1. $\mathcal{H}_1 =$ Coin is type A
2. $\mathcal{H}_2 =$ Coin is type B
3. $\mathcal{H}_3 =$ Coin is type C
4. $\mathcal{H}_4 =$ Coin is neither type A, B, nor C

But this seems like such a radically different approach, and awfully frequentist. I'm looking for a method that is a simple modification of the method above, or, failing that, a different method that doesn't altogether abandon Bayesian concepts like priors, posteriors, and likelihoods.

Thanks for reading

Answer 1

Ok, as it turns out I answered my own question. I want to think of this problem as finding the posterior probability

$$p(H_i|x) = \frac{ p(x|H_i) p(H_i)}{p(x)} $$

but I've found a situation where I'm not sure what to use for the likelihood function in the case where $H_n = \text{unknown coin}$. As explained below, my confusion stemmed from the fact that there are two meanings of priors here.

Resolution

To make this problem very simple, I have reduced it to only two hypotheses:

• $H_0$ = the coin is fair, i.e., $p^H = 0.5$
• $H_1$ = the coin is not fair, or $p^H \neq \,0.5$

And to further simplify, I'll assume that either the coins are mixed in equal proportions in the desk drawer, or else that I was never told; in either case, the prior probabilities of each hypothesis are equal, $p(H_0) = p(H_1) = 0.5$ to begin with. After observing any particular coin toss, the likelihood function $p(x|H_0)$ is the same regardless of the outcome: $$p(x=\text{heads}|H_0) = p(x=\text{tails}|H_0) = 0.5$$

We also do not really care about $p(x)$ since it will be a normalizing constant. The only ingredient left is $p(x|H_1)$. The trick is to consider the likelihood function as being obtained from a parametric integral: $$ p(x|H_i) = \int d\theta \pi(\theta) p(x|H_i;\theta)$$ In this case, the statistical model is Bernoulli trials, with a prior probability on $\theta$, $\pi(\theta)$. Since we're not given any information on what the distribution might be, we can assume $\pi(\theta)=\text{Uniform}(0,1)$ (contrast to the other extreme case in $H_0$, where we have precise prior knowledge of $\theta$: $\pi(\theta) = \delta(\theta-0.5)$).
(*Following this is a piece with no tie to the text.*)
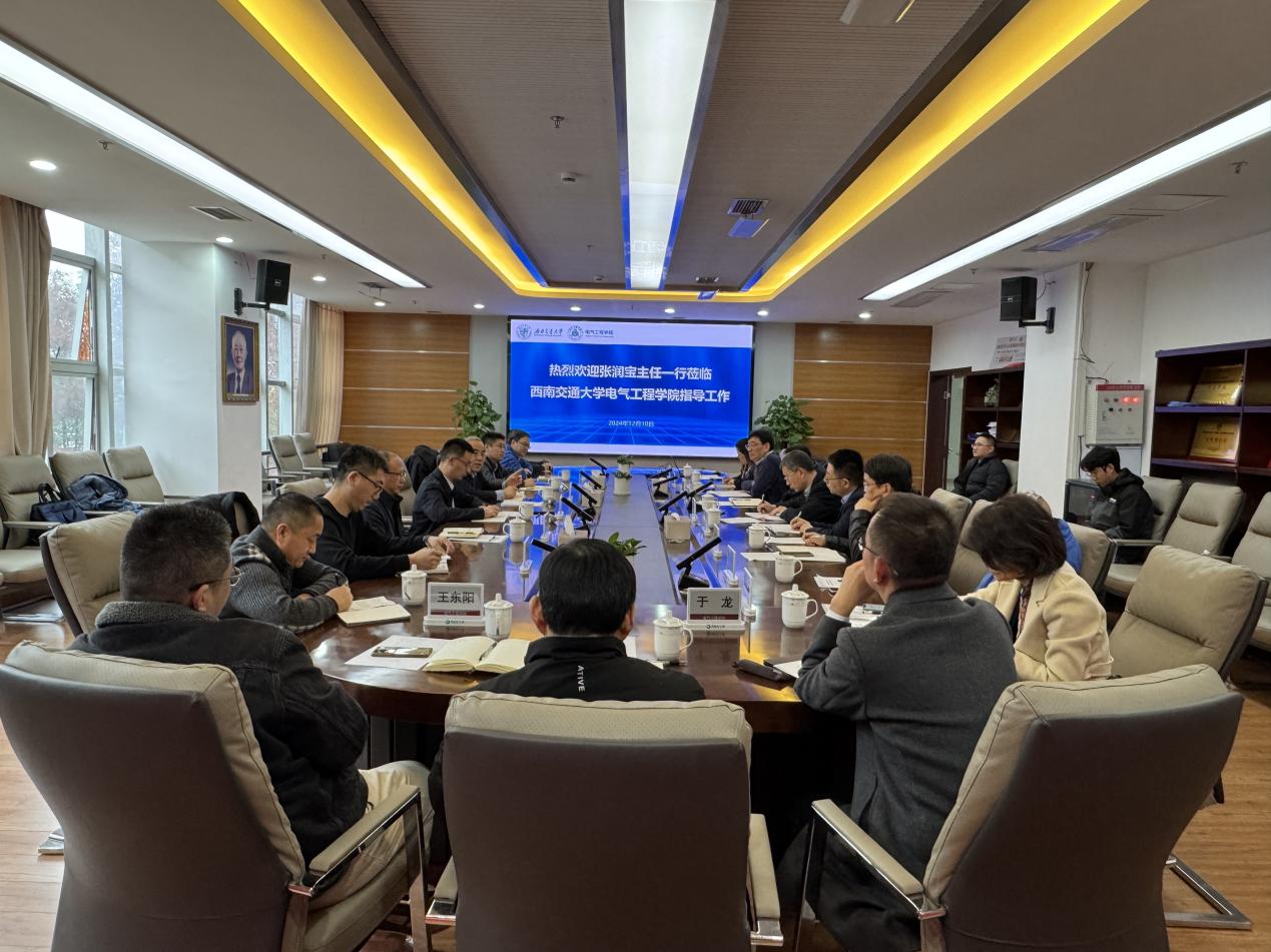 12月10日下午,国铁集团工电部副主任张润宝一行莅临我院开展交流研讨会。国铁集团工电部主办乔凯庆,中国铁设电化电信院院长罗健,成都铁路局供电处副处长何祥照,中铁二院电化院总工程师邓云川,中国铁设电化电信院电气化所副所长魏建忠;我院院长马光同,党委书记王斌,国家轨道交通电气化与自动化工程技术研究中心主任高仕斌,继续教育学院院长陈民武,我院副院长何晓琼、刘志刚,以及学院教师代表参加交流研讨会议。会议由马光同院长主持。
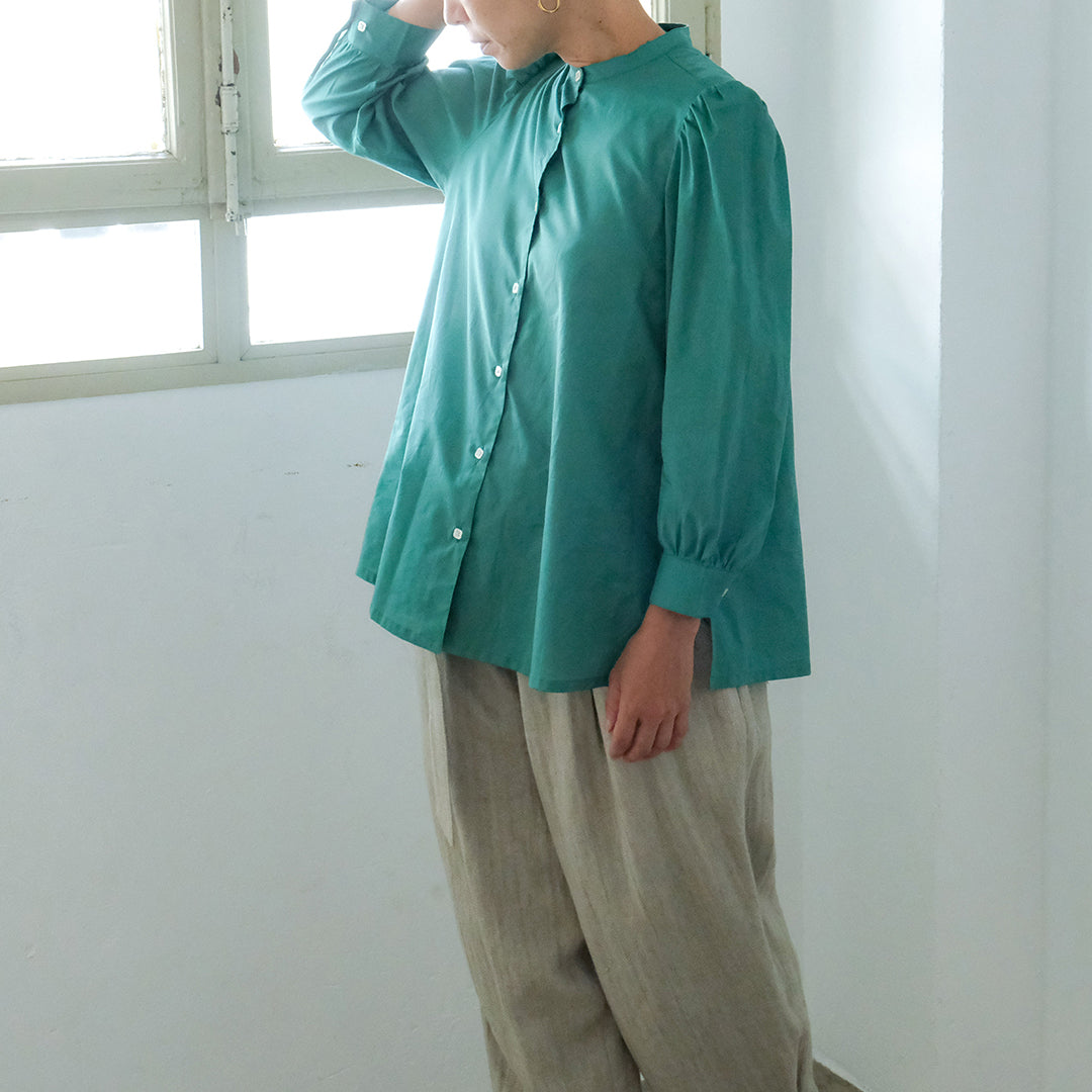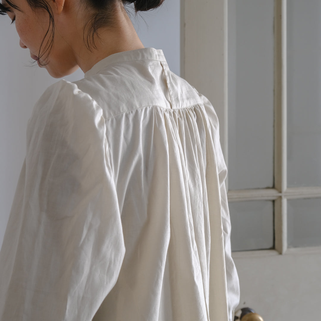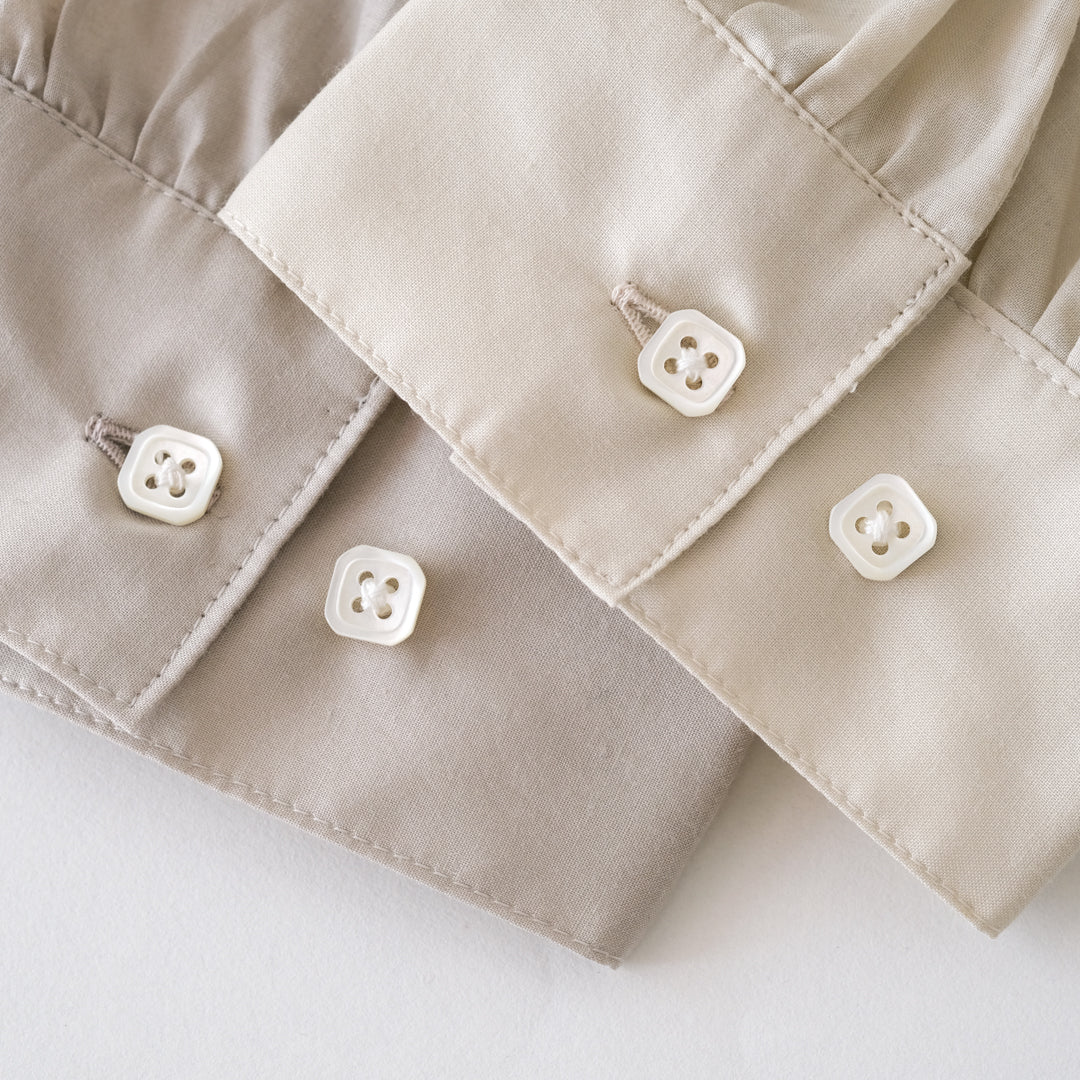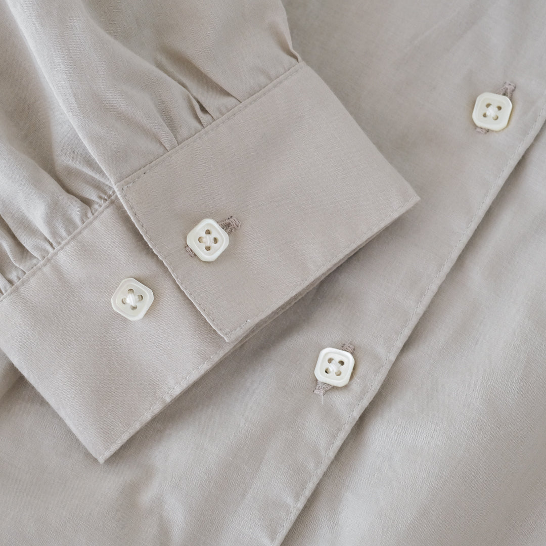 生地を変えたり色を増やしたりしながらつくり続けている、SALUÉ人気のパフスリーブシャツ。こちらでご紹介しているパフスリーブシャツロングはリネンのものに比べ少し長い丈が特長。リネンのものと比べ、薄さ・軽さに優れています。

Once you flip the coin, you can evaluate the likelihood ratio

$$B_{01}(x) = \frac{p(x|H_0)}{\int_0^1 p(x|H_1;\theta)\times 1 d\theta}$$

and also update your posterior probabilities

$$p(H_0|x) = \tfrac{1}{c}0.5\times0.5,$$ $$p(H_1|x) = \tfrac{1}{c}0.5\times\int_0^1 p(x|H_1;\theta)\times1 d\theta,$$

where $c$ is a normalizing constant that only depends on the data $x$ (i.e., the result of the coin toss).

You can also obtain the posterior distribution for $\theta$ under $H_1$, $\pi(\theta|x,H_1)$. At this point, I will describe this for a more general case than observing the outcome of a single coin toss.

Batch Updating

The evolution of this distribution after $n$ coin tosses with $n_h$ heads and $n_t$ tails is

$$\pi(\theta|x=\{n_h ,n_t\}) = \frac{\theta^{n_h-1}(1-\theta)^{n_t-1}}{\text{B} (n_t,n_f)}$$

where the normalizing constant $\text{B}(n_t,n_f)$ is the Beta distribution. This is called the conjugate prior of the binomial distribution, which is itself the distribution for more than one coin toss.

Stray notes

• We were lucky to have the posterior distribution for $\theta$ under $H_1$ be analytically tractable. Not all statistical models have this feature, and require Monte Carlo sampling. See, for instance, this post on CV.
• I have simulated this problem in MATLAB and watched the behaviors of the posteriors. Not surprisingly, the posteriors become more erratic when ground truth is $H_1$ with $\theta$ close to $0.5$.
• It is not entirely clear to me how to deal with the original problem with four hypotheses (above post). But it seems reasonable to start with a broader categorization $p(H_4) = p(H_1\cup H_2 \cup H_3)=0.5$ and then further specifying individual hypotheses in a tree structure.
• The notes from Jim Berger's lectures at CBMS's conference on Model Uncertainty and Multiplicity at UCSC were extremely helpful in clarifying these concepts.
• In light of the fact that I answered my own question, I would like to amend my previous "Thanks for reading" to "Thanks for not downvoting," and I hope (perhaps in vain) that my laziness in attempting to make the internet do my homework for me is atoned for by my diligence in following up on the question and transmitting my findings to the community.